What the task asks:
With pictures left out, retype the lines from the start of the records through the one that contains "tự nhiên 500ml".

Input material:

◇ ◇ ◇ ◇

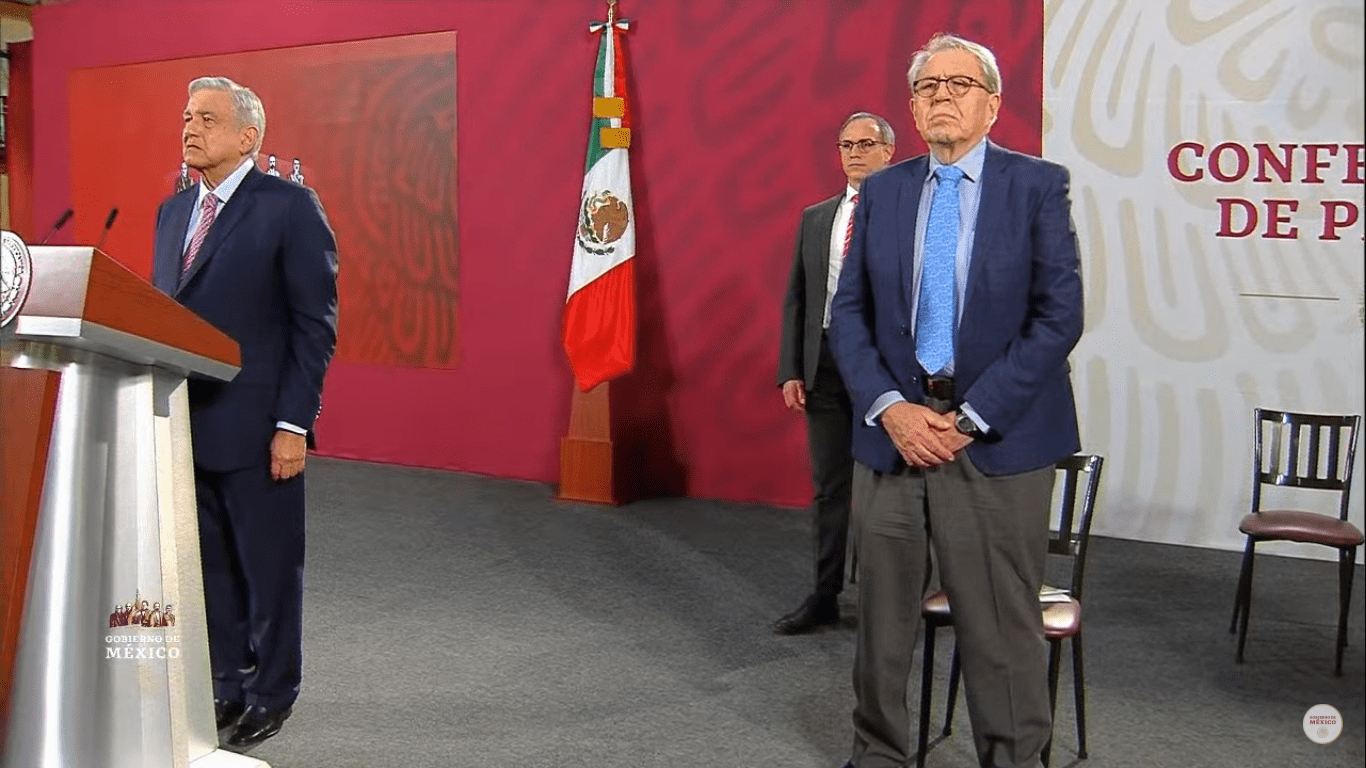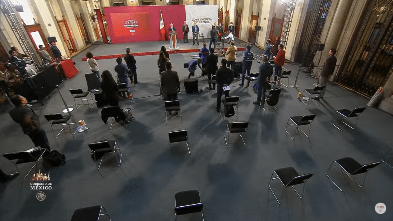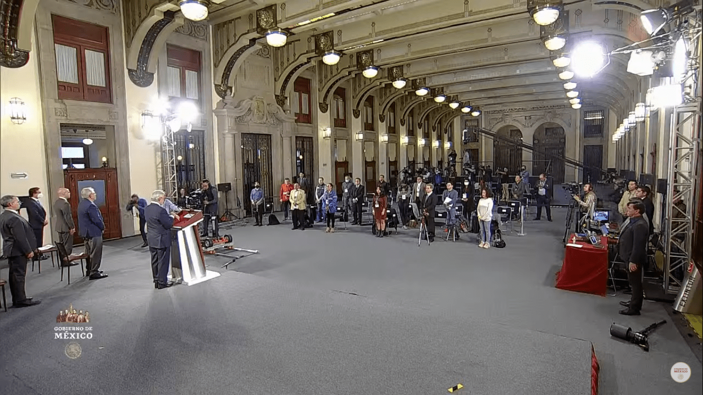 Noticieros Televisa publicó que un reportero hizo un exhorto al presidente para que durante la conferencia se guardará silencio por “los caídos del COVID-19”. López Obrador aceptó y pidió a los presentes ponerse de pie.
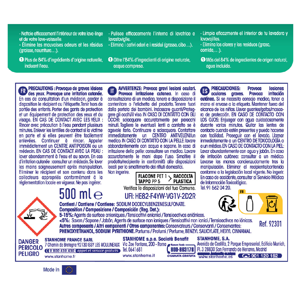 ✨Dung dịch vệ sinh lồng giặt, máy rửa chén Stanhome Machine Booster nguyên liệu tự nhiên 500ml
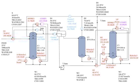Wang et al. [58] analyze the thermo-economic benefits of vapor recompression in an ethane-ethylene distillation process. Initial simulations of the current process align closely with real plant data, showing high refrigerant consumption. The proposed vapor recompression method reduces the investment cost by 5.72% and cuts refrigerant use by 34.29%. Exergy analysis shows significant improvements, with reduced losses in the reboiler and condenser. Li et al. [59] explore separating cyclohexane/tert-butanol from industrial effluent using heterogeneous pressure-swing azeotropic distillation. Optimal parameters for the conventional process are determined using the simulated annealing algorithm. Heat pump and heat integration strategies are incorporated to enhance energy efficiency. The heat pump-assisted process with auxiliary reboilers and heat integration (HADPSD-ARHI) achieves significant reductions: 41.98% in total annual cost (TAC), 55.32% in total energy consumption (TEC), 52.30% in gas emissions, and 55.26% in exergy destruction, compared to the conventional process. The flowsheet of HADPSD-ARHI is shown in Figure 23.
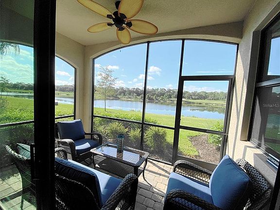 OPEN FOR JANUARY 2026 at $5,000.00. WELCOME to Lakewood Ranch! PET FRIENDLY. Stunning ground floor condo with amazing lake views. Beautiful and tastefully decorated Florida style, comfortable, bright, and peaceful settings. Master bedroom with King size bed and flat screen TV. Guest bedroom has a queen-sized bed. Family room with flat screen TV and extremely comfortable seating. Fantastic views from the balcony and most areas in the unit. Sit in your lanai and watch the golfers go by or relax with the peaceful and tranquil Florida settings of the late afternoon when you can feel in tune with Mother Nature and be grateful for such magnificent opportunity. Unit have a laundry closet with a washer and dryer for added convenience and, a storage room located outside in front of unit. Full membership transfers with fee of $642.00. Membership includes a 36 holes of championship golf (cart rental fees are the only thing you pay), lighted tennis courts, pickleball courts, resort style pools, spa, Clubhouse with fitness center, aerobics, yoga, massage parlor, restaurant/ bar with gourmet chef, golf pro-shop and much more. Great location close to University Parkway, downtown Bradenton, downtown Sarasota, Lakewood Ranch, UTC Mall, airport, beaches, I-75, Tampa, St. Pete. Small dog OK, no cats. Unbelievable unit...Luxury living at it best
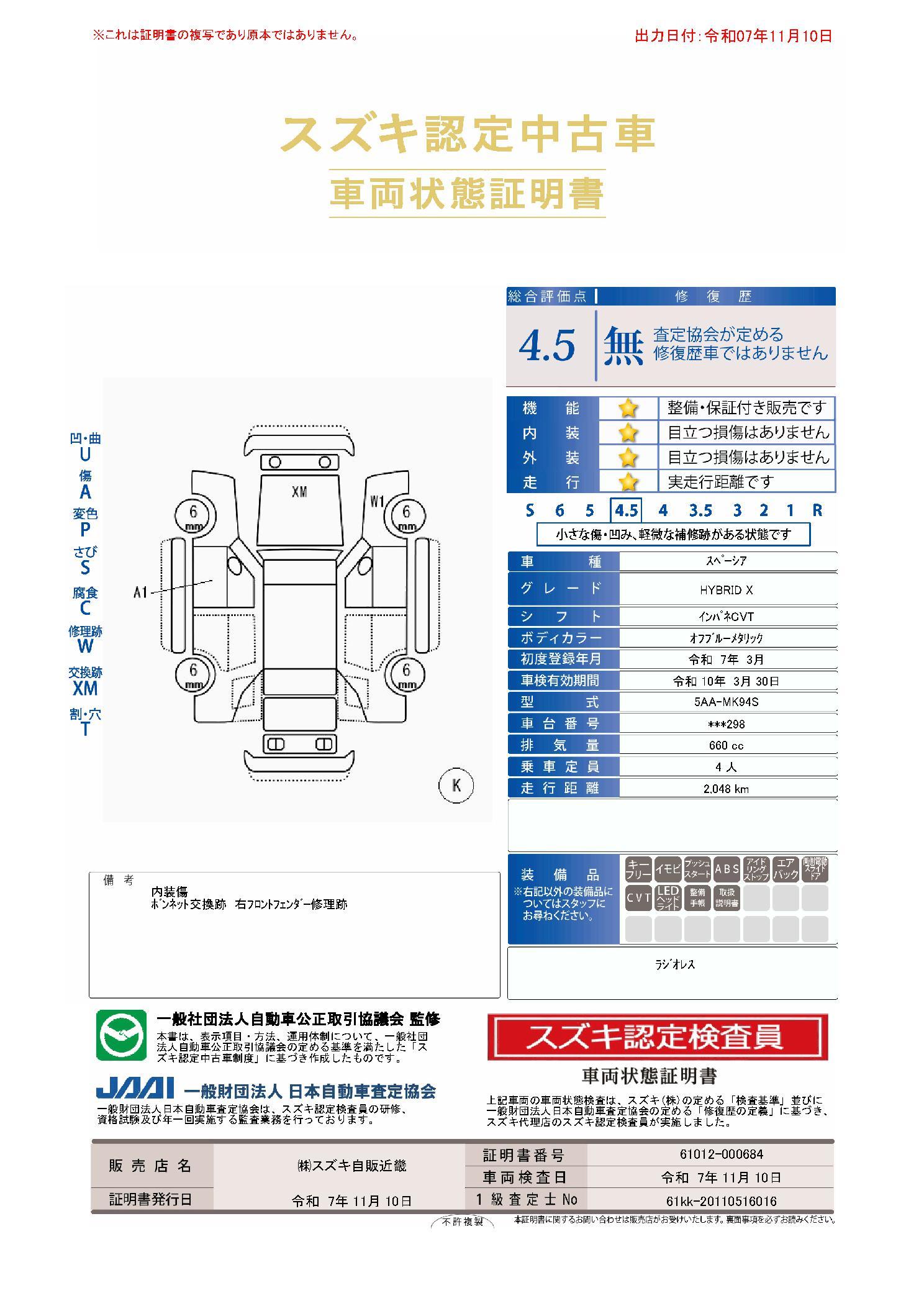 保証について [保証付]:2028(令和10)年3月まで・60000km ※いずれか早い時期が保証適用の条件となります。

◇ ◇ ◇ ◇

Answer for this exercise:
 Noticieros Televisa publicó que un reportero hizo un exhorto al presidente para que durante la conferencia se guardará silencio por “los caídos del COVID-19”. López Obrador aceptó y pidió a los presentes ponerse de pie.
 ✨Dung dịch vệ sinh lồng giặt, máy rửa chén Stanhome Machine Booster nguyên liệu tự nhiên 500ml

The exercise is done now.